Documents recently obtained by PREMIUM TIMES and its ICIJ partners have revealed how a former Group Managing Director of the Nigerian National Petroleum Corporation (NNPC), Funsho Kupolokun, acquired loads of lucrative shares between 2009 and 2014 to become a major shareholder in one of Ghana’s most expensive and lucrative hotels.
In 2016, details from the leaked Mossac Fonseca’s database, known as #PanamaPapers, revealed that the Septuagenarian, who was an aide to former President Olusegun Obasanjo, was a major shareholder of Gold Coast Resorts International Limited, an entity incorporated in the British Virgins Island in 2006.
Gold Coast Resort International Limited is the owner of the 269-room five-star Kempinski Accra Hotel. Mr Kupolokun, we revealed, had held his holdings in Gold Coast Resort with another company, Blue Chapels Investment Limited, incorporated in Mauritius, a known tax haven.
But new documents recently added to the database have shed additional light on how Mr Kupolokun, who was named director of Gold Coast Resort on August 11, 2008, acquired a collection of shares between 2009 and 2014 to become a major shareholder of the top-notch hotel.
According to the documents, on July 15, 2009, the former NNPC boss shelled out $2 million to acquire 1.8 million shares, with certificate number 3.
On February 7, 2011, Mr Kupolokun topped his holding with the acquisition of 405,000 shares valued at $502,184.70 from Bethana Investment Inc, another shareholder.
Mr Kupolokun then transferred his shares, totaling 2,205,000, to Blue Chapels Investment Limited, his Mauritius-based firm, on February 19, 2013.
Also, on September 18, 2014, Mr Kupolokun bought additional 775,195 shares which cost him $861,328.00. That brought his total share in the hotel to 2,980,195.
Responding to a PREMIUM TIMES enquiry in 2016 when the original revelation was published, Mr Kupolokun confirmed he owned interest in Gold Coast Resorts.
“That was after I left office,” Mr.
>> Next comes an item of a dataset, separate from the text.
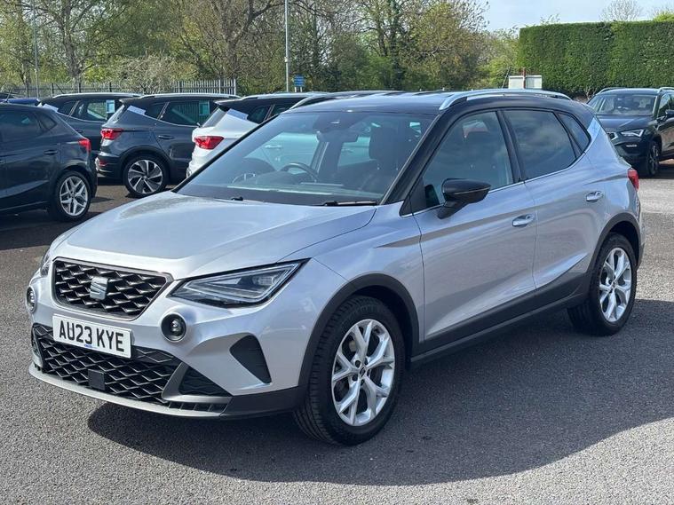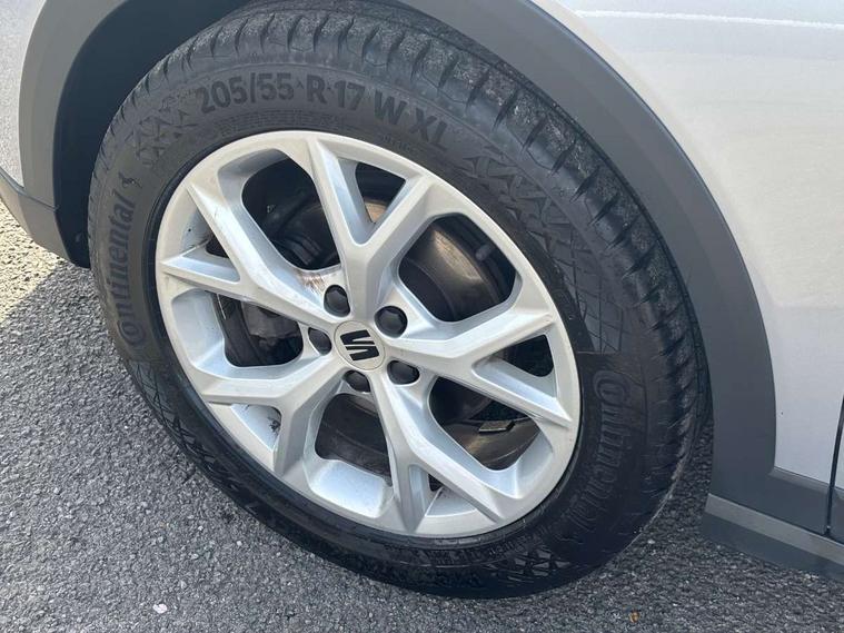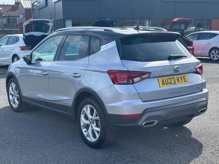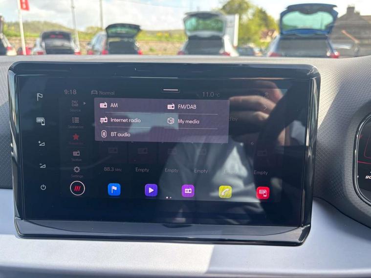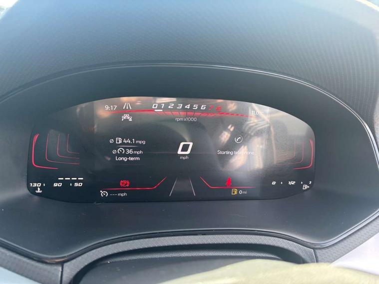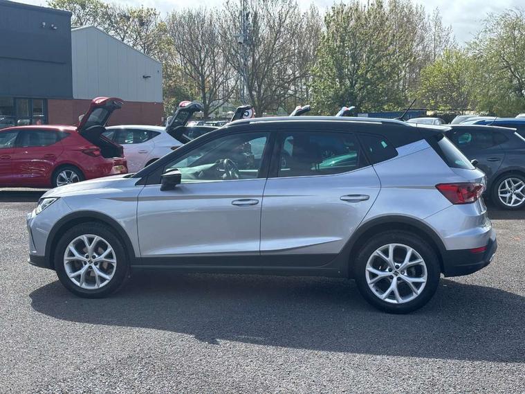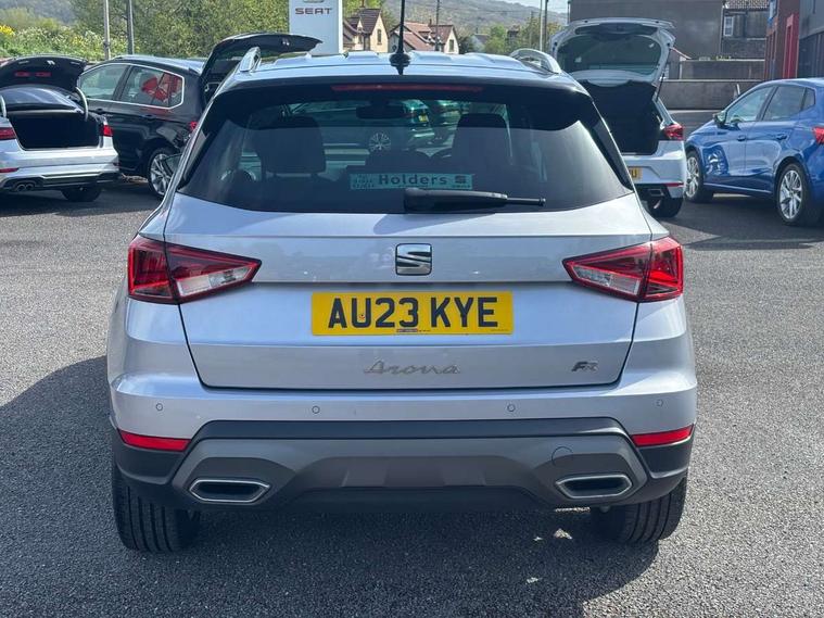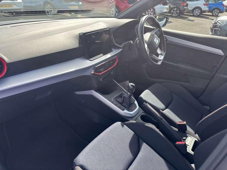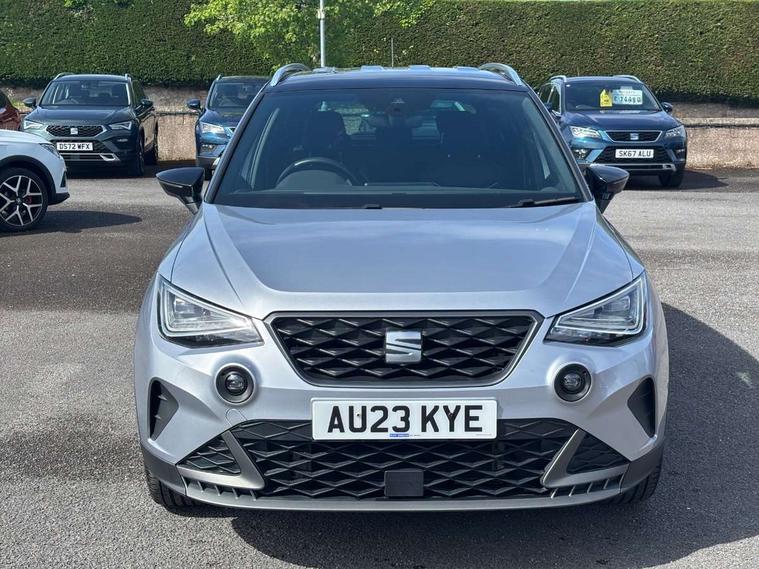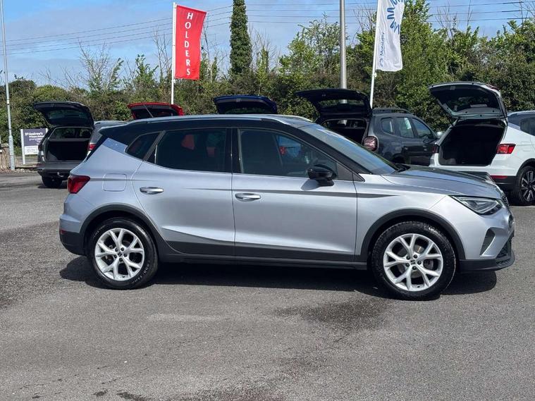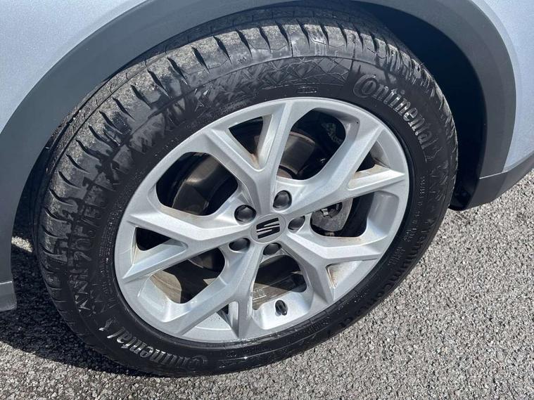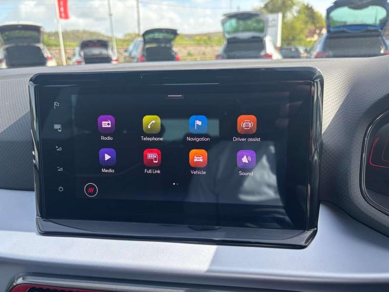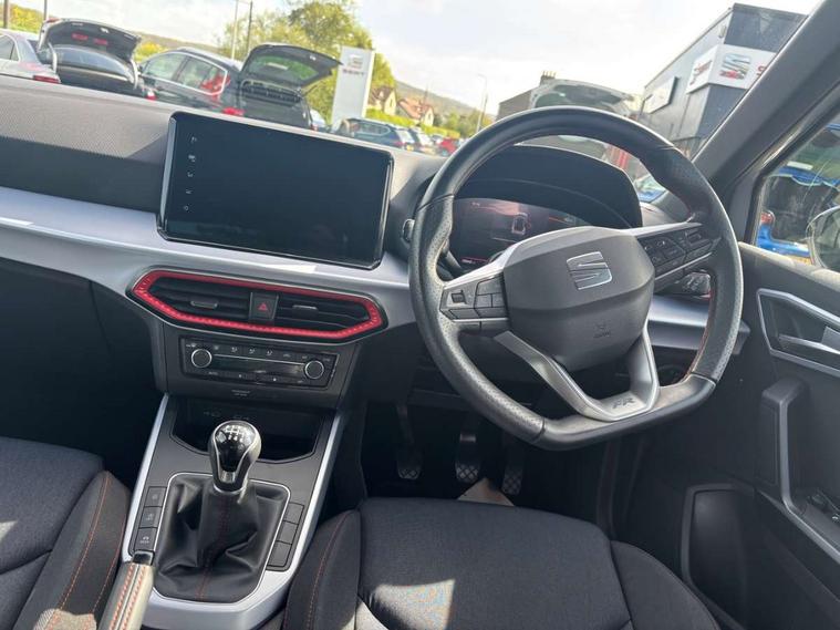 'Lights On' Reminder warning buzzer, 8" Digital cockpit, Digital clock, E-call, Electric speed sensitive power steering, Full Link Smartphone Integration with Mirror Link, Apple Car Play, Google Android Auto with USB Type C cable for Apple and Android compatibility, Lane keeping system, Low fuel warning light, Outside temperature display, Rear parking sensor, RPM counter, Seat connect with safety, service, remote and online, SEAT Drive profile - Four different models normal-sport-eco-individual, steering response, throttle response, Trip computer, Wireless phone charger, 9.2" colour touchscreen with navigation system, voice control and USB port (type c), Bluetooth interface for hands free and audio streaming, DAB digital radio and AM/FM radio, Steering wheel mounted audio controls, Anti theft roof antenna, Auto dimming interior rear view mirror, Automatic activation of hazard warning lights, Body coloured bumpers, Body coloured door handle inserts, Chrome roof rails and window surrounds, Dark tinted rear windows, Electric front/rear windows, Electrically adjustable, heated and folding door mirrors, Front fog lights with cornering function and rear fog light, FULL LED automatic headlights with dynamic headlight range control, coming and leaving home, LED daytime running lights, LED rear tail lights and licence plate lights, Protective side mouldings, Rain sensing wipers, Rear side wing doors, Rear spoiler, Rear window wash/wipe, Roof colour door mirrors, Third brake light, Twin exhaust pipe styling hidden exhaust pipe, Visible VIN plate, Windshield wiper with intermittent control and potentiometer, 2 cupholders, 3 seat bench in 2nd row, 60/40 split folding rear seat, Aircare filter, Black interior roof, Cloth upholstery, Double boot floor, Driver sunvisor with covered mirror + card holder, Dual zone climate control, Front courtesy light with 2x front and 2x rear reading lights, Front sport seats, Gear shift indicator, Height adjustable front seats, Height/reach adjustable steering column, Illuminated boot, Instrument lighting with brightness control, Interior ambient lighting, Interior light in footwell, central console and door panel, ISOFIX points in outer rear seats with top tether anchorage points, Passenger sunvisor with vanity mirror, Perforated flat bottomed leather steering wheel/gear knob/handbrake with red stitching and FR logo, Single front passenger seat, Two front and three rear height adjustable headrests, Interior chrome pack - Arona, 3 point seatbelts on all rear seats, ABS, Active front headrests, Child locks on rear doors, Driver and front passenger airbags with front passenger airbag de activation, front side and curtain airbags, Electronic stability control, Emergency Brake Assist (EBA) and front assist, Front and rear seatbelt reminder, Hill hold control, Multi-Collision braking, Tiredness recognition system, Traction control, Tyre pressure monitoring system, Alarm with back-up horn, Electronic engine immobiliser, Locking wheel bolts, Remote central locking + deadlocks, Tow away protection, Titan black dashboard, 17" Dynamic alloy wheels,

Kupolokun said. “The first money I invested was two million dollars, and I got that from UBA.”
Gold Coast Resorts is made up of other offshore entities, with its largest shareholder (45 per cent) being Zakham International SA, a shell company registered in another tax haven, Luxembourg.
At least two other shareholders of Gold Coast Resorts – Bethana Investments Inc and Uridor Investments SA- were registered in Panama, another well-known offshore tax haven.
The government of Ghana, through the Ghana Tourist Board, owns 10 per cent of Gold Coast Resorts, which has since obtained a controversial $16 million loan facility from the African Development Bank (ADB), to finance the construction of Kempinski Accra Hotel.
Gold Coast Resorts dumps Mossack Fonseca
Following the 2016 leak of 11.5 million files from Mossack Fonseca, the Panama-based law firm said it suffered “irreparable damage” and “reputational deterioration” and thus would shut down its offices at the end of March.
“The reputational deterioration, the media campaign, the financial siege and the irregular actions of some Panamanian authorities have caused irreparable damage, whose obligatory consequence is the total cessation of operations to the public,” it said in a statement.
Earlier in November 2017, the firm, in a statement sent to clients, said it had to “significantly reduce” its staff due to changes to the laws and an “adverse business environment.”
Perhaps in anticipation of the winding down of Mossack Fonseca’s operation or in a move to hide from the exposure of the company’s activities in the wake of the leak, the board of Gold Coast Resorts decided to dump the Panamanian law firm.
In a meeting held on September 27, 2017, Mr Kupolokun alongside, five other members of the company’s board of directors – George Zakhem, Marwan Zakhem, Ian Robertson, Stanislav Kotov, and Albert Zakhem – resolved to change the registered agent of Gold Coast to Quijano & Associates (BVI) Limited in Road Town, Tortola, the capital of the British Virgin Islands.
It also changed its registered address to that of its new agent indicated above.